# smoker question



## Norm70 (Aug 26, 2005)

i would like to try a smoked chicken or turkey. i have wood dowls in my friday smoker for sausage hangers.

Anyway how do you hang a turkey/chicken from them? I have seen people place a netted bag around them, more expierenced guys help me out here?

and if you use those bags where do you get them?


----------



## Ron Gilmore (Jan 7, 2003)

No need for a bag, just take a very stiff clothes hanger and make some hooks from them. I normally split my birds in half but either way just make the one hook end sharp and it will go right into the back or rib cage and then put the other hook over the top of the dowel or whatever you have. I suspend my from the rack with no issues.

But if you do want to use a bag, you should be able to get ham bags from any butcher shop that smoke their own hams. Down side of the bags from my experience has been the need to wet them down during the smoking process thus the reason I no longer use them! Hams have enough moisture to keep them from drying out to much.

Another method my father in law would use was to take butcher string and tie the birds in the same manner as you would a rolled roasted. Then he would tie a loop around the leg bones and then hang them.

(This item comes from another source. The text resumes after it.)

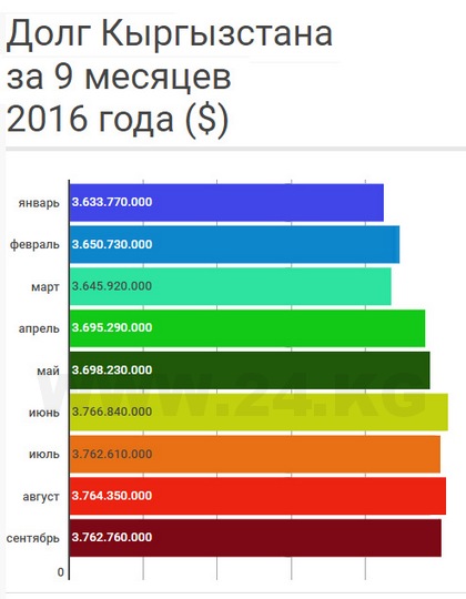 В 1992 году Кыргызстан взял кредитов на $4,9 миллиона. С каждым годом аппетиты росли, и к 2002 году долг достиг $1,5 миллиарда, а к сентябрю 2016-го – $3,7 миллиарда.

His theory for tying them was to retain moisture, but to me it caused some areas to not receive adequate smoke exposure.


----------



## Norm70 (Aug 26, 2005)

ahh good idea ron. I though about using electric fence wire. I will just use the coat hanger. :beer:


----------



## Chaws (Oct 12, 2007)

Check out http://www.smokingmeatforums.com/forums/index.php


----------



## MossyMO (Feb 12, 2004)

Norm70
I have always smoked poultry right on the rack and it has turned out great. This last fall I picked up some netting to hang the poultry in so I will give that a try. Here is where I got the netting - http://www.butcher-packer.com/index.php ... Path=22_78 I purchase a hundred of them, so I hope I like them.

Chaws
Saw you joined SMF in June, wealth of knowledge there and friendly members very willing to help !!!


----------



## Dak (Feb 28, 2005)

Mossy,

Thanks for posting that website. Neat place. :beer:


----------